Resistance genes detected against different antimicrobial classes corroborate the resistance profile of the strains. However, predicting the phenotype of antimicrobial susceptibility from bacterial genetic data is challenging, because it is based on the quality and completeness of the existing information about the genomic determinants of resistance50,51. Despite the enormous advances in bioinformatics20,50,52,53, it was noted that no database includes complete phenotypic profile data associated with the AMR gene sequence50,51. The resistance phenotype conferred by the presence of some genes must be inferred from exhaustive searches in the literature (Supplementary Table 4 and Supplementary Table 4A)50,51.
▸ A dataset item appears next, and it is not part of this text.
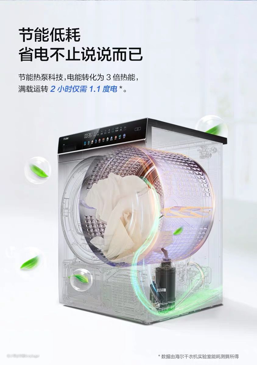 上面提到的节能,怎么说呢,可能你用到热泵洗衣机退休省下来的电费水费也不够同品牌的冷凝式烘干机差价。只能说真正对衣物烘干效果有追求的,金贵衣物比较多的你还是首选吧。
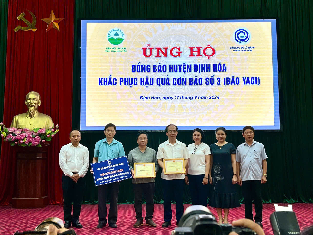 Để bày tỏ lòng cảm kích sự giúp đỡ kịp thời của CLB Lữ hành Unesco Hà Nội và các Nhà hảo tâm, Quý hội viên CLB đối với bà con tại địa phương, đ/c Lương Văn Ngân - Chủ tịch UBMTTQ VN huyện Định Hóa đã trân trọng trao Giấy Ghi nhận TẤM LÒNG VÀNG đến CLB Lữ hành Unesco Hà Nội, ông Trương Quốc Hùng Chủ tịch CLB đại diện lên nhận. CLB Lữ hành Unesco Hà Nội cũng chân thành cảm ơn sự đồng hành của Hiệp hội du lịch Thái Nguyên.

The performance of WGS to predict beta-lactam, fluoroquinolone and aminoglycoside susceptibility has been considered excellent for K. pneumoniae50. Other carbapenemases have been described in K. pneumonia as well54,55, but we were not able to confirm any carbapenemase encoded in an ST11 strain by manual curation, despite the evidence of positive carbapenemase screening tests, which may indicate a novel carbapenemase. ST11 strains have aac(6')Ib-cr and aadA2 genes but are reported to be inversely susceptible to gentamycin but nonsusceptible to amikacin50. We did not detect the plasmidial mcr-1 gene in the analyzed genomes, but the genes mgrB and the component system pmrA/pmrB were truncated or absent in all strains, which are related to the genetic mechanisms associated with polymyxin B/E resistance56,57. Val130 to Ala mutation in oqxR has been reported in both tigecycline-nonsusceptible and tigecycline-susceptible strains58, but the lack of knowledge about the expression levels of the efflux pump genes detected may have precluded the identification of this resistance mechanism59.
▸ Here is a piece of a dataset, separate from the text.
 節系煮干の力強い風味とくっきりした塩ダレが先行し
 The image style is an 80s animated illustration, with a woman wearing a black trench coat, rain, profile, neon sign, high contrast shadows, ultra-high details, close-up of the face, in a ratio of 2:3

Even more challenging is choose to correlate virulence gene functions inferred from the literature as one of our approaches (Supplementary Table 5 and Supplementary Table 5A), because precise predictions of gene functions may not be possible due to the complexities in the subjacent genetic mechanisms not yet completely comprehended52. Despite the limitations, our purpose was only to raise hypotheses, through the descriptive comparison of bacterial genomics with the clinical and epidemiological characteristics of affected patients. Despite the severity of infections, most of the genetic structures found in PCR-Kp are related to resistance, survival, and proliferation in the revised literature (Supplementary Table 5 green color). The same pattern of genetic functions seems to have predominated in SNP variations among ST437 strains (Table 2, green color), although most mutations are missense, and the resulting protein structures and functions were not investigated in this study60.

Virulence genes and other features found in PCR-Kp indicate several putative basic skills to invade tissue and persist in the hospital environment. These abilities were related in different strains to the presence of genetic determinants of the capsule, adhesins, surface attachment, biofilm formation, efficient bacterial gastrointestinal colonization, siderophores, outer membrane vesicles, signaling, secretion, transport, efflux systems, regulation, endotoxin, serum resistance, immune evasion, intracellular survival, heavy metal resistance and AMR (references in the Supplementary files), imposing additional challenges for the treatment and control of nosocomial infections caused by PCR-Kp. Most of these factors are common to all Kpneumoniae and conserved in the chromosome as core genes61,62.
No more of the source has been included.